# Task description:
In your answer, every line of the records should be written out exactly.

# Provided information:
· · · · · · ·

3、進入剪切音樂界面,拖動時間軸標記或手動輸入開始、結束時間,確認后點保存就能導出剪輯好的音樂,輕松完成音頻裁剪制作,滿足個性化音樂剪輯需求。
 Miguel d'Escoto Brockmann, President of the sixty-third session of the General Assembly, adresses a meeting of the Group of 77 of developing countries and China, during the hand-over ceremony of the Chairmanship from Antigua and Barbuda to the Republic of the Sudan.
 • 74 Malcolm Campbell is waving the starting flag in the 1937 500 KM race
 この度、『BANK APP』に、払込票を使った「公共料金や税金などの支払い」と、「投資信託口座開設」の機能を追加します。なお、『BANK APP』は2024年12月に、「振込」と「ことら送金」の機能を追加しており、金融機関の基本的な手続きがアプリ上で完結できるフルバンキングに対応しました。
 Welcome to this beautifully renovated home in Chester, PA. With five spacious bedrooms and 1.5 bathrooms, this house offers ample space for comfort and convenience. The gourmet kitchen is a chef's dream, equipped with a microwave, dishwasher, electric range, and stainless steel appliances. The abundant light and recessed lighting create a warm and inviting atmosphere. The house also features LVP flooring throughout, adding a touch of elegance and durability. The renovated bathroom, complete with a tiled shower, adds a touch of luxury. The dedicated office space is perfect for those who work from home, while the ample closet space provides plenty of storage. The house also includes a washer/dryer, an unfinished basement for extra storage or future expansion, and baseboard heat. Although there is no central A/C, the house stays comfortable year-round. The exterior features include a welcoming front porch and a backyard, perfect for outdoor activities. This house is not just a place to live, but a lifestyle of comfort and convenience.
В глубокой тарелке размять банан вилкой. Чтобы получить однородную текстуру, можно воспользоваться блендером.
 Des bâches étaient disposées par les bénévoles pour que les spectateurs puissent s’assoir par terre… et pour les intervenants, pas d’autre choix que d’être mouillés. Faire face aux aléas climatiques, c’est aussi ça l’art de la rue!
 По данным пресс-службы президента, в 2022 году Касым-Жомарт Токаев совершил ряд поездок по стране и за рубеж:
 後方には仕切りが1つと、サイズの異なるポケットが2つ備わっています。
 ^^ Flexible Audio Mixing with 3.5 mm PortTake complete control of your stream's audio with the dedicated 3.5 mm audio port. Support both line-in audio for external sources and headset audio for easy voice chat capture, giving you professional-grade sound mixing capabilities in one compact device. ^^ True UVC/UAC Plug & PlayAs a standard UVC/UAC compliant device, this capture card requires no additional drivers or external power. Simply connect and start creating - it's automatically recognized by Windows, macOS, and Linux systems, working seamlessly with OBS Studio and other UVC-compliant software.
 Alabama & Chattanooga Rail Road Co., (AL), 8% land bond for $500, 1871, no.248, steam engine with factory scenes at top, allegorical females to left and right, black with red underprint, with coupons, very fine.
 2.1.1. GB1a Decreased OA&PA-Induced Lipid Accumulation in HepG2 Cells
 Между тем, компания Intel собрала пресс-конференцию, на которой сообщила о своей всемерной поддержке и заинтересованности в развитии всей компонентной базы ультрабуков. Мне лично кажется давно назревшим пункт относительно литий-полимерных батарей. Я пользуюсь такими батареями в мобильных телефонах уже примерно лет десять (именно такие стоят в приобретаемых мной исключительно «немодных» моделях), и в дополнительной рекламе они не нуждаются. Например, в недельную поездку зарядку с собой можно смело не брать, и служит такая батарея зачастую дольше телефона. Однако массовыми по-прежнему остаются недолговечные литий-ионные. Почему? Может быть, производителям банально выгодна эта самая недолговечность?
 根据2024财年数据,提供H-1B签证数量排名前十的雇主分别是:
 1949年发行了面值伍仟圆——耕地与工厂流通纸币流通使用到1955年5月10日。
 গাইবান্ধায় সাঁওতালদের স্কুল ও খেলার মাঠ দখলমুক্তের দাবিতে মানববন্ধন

· · · · · · ·

# Response:
3、進入剪切音樂界面,拖動時間軸標記或手動輸入開始、結束時間,確認后點保存就能導出剪輯好的音樂,輕松完成音頻裁剪制作,滿足個性化音樂剪輯需求。
 Miguel d'Escoto Brockmann, President of the sixty-third session of the General Assembly, adresses a meeting of the Group of 77 of developing countries and China, during the hand-over ceremony of the Chairmanship from Antigua and Barbuda to the Republic of the Sudan.
 • 74 Malcolm Campbell is waving the starting flag in the 1937 500 KM race
 この度、『BANK APP』に、払込票を使った「公共料金や税金などの支払い」と、「投資信託口座開設」の機能を追加します。なお、『BANK APP』は2024年12月に、「振込」と「ことら送金」の機能を追加しており、金融機関の基本的な手続きがアプリ上で完結できるフルバンキングに対応しました。
 Welcome to this beautifully renovated home in Chester, PA. With five spacious bedrooms and 1.5 bathrooms, this house offers ample space for comfort and convenience. The gourmet kitchen is a chef's dream, equipped with a microwave, dishwasher, electric range, and stainless steel appliances. The abundant light and recessed lighting create a warm and inviting atmosphere. The house also features LVP flooring throughout, adding a touch of elegance and durability. The renovated bathroom, complete with a tiled shower, adds a touch of luxury. The dedicated office space is perfect for those who work from home, while the ample closet space provides plenty of storage. The house also includes a washer/dryer, an unfinished basement for extra storage or future expansion, and baseboard heat. Although there is no central A/C, the house stays comfortable year-round. The exterior features include a welcoming front porch and a backyard, perfect for outdoor activities. This house is not just a place to live, but a lifestyle of comfort and convenience.
В глубокой тарелке размять банан вилкой. Чтобы получить однородную текстуру, можно воспользоваться блендером.
 Des bâches étaient disposées par les bénévoles pour que les spectateurs puissent s’assoir par terre… et pour les intervenants, pas d’autre choix que d’être mouillés. Faire face aux aléas climatiques, c’est aussi ça l’art de la rue!
 По данным пресс-службы президента, в 2022 году Касым-Жомарт Токаев совершил ряд поездок по стране и за рубеж:
 後方には仕切りが1つと、サイズの異なるポケットが2つ備わっています。
 ^^ Flexible Audio Mixing with 3.5 mm PortTake complete control of your stream's audio with the dedicated 3.5 mm audio port. Support both line-in audio for external sources and headset audio for easy voice chat capture, giving you professional-grade sound mixing capabilities in one compact device. ^^ True UVC/UAC Plug & PlayAs a standard UVC/UAC compliant device, this capture card requires no additional drivers or external power. Simply connect and start creating - it's automatically recognized by Windows, macOS, and Linux systems, working seamlessly with OBS Studio and other UVC-compliant software.
 Alabama & Chattanooga Rail Road Co., (AL), 8% land bond for $500, 1871, no.248, steam engine with factory scenes at top, allegorical females to left and right, black with red underprint, with coupons, very fine.
 2.1.1. GB1a Decreased OA&PA-Induced Lipid Accumulation in HepG2 Cells
 Между тем, компания Intel собрала пресс-конференцию, на которой сообщила о своей всемерной поддержке и заинтересованности в развитии всей компонентной базы ультрабуков. Мне лично кажется давно назревшим пункт относительно литий-полимерных батарей. Я пользуюсь такими батареями в мобильных телефонах уже примерно лет десять (именно такие стоят в приобретаемых мной исключительно «немодных» моделях), и в дополнительной рекламе они не нуждаются. Например, в недельную поездку зарядку с собой можно смело не брать, и служит такая батарея зачастую дольше телефона. Однако массовыми по-прежнему остаются недолговечные литий-ионные. Почему? Может быть, производителям банально выгодна эта самая недолговечность?
 根据2024财年数据,提供H-1B签证数量排名前十的雇主分别是:
 1949年发行了面值伍仟圆——耕地与工厂流通纸币流通使用到1955年5月10日。
 গাইবান্ধায় সাঁওতালদের স্কুল ও খেলার মাঠ দখলমুক্তের দাবিতে মানববন্ধন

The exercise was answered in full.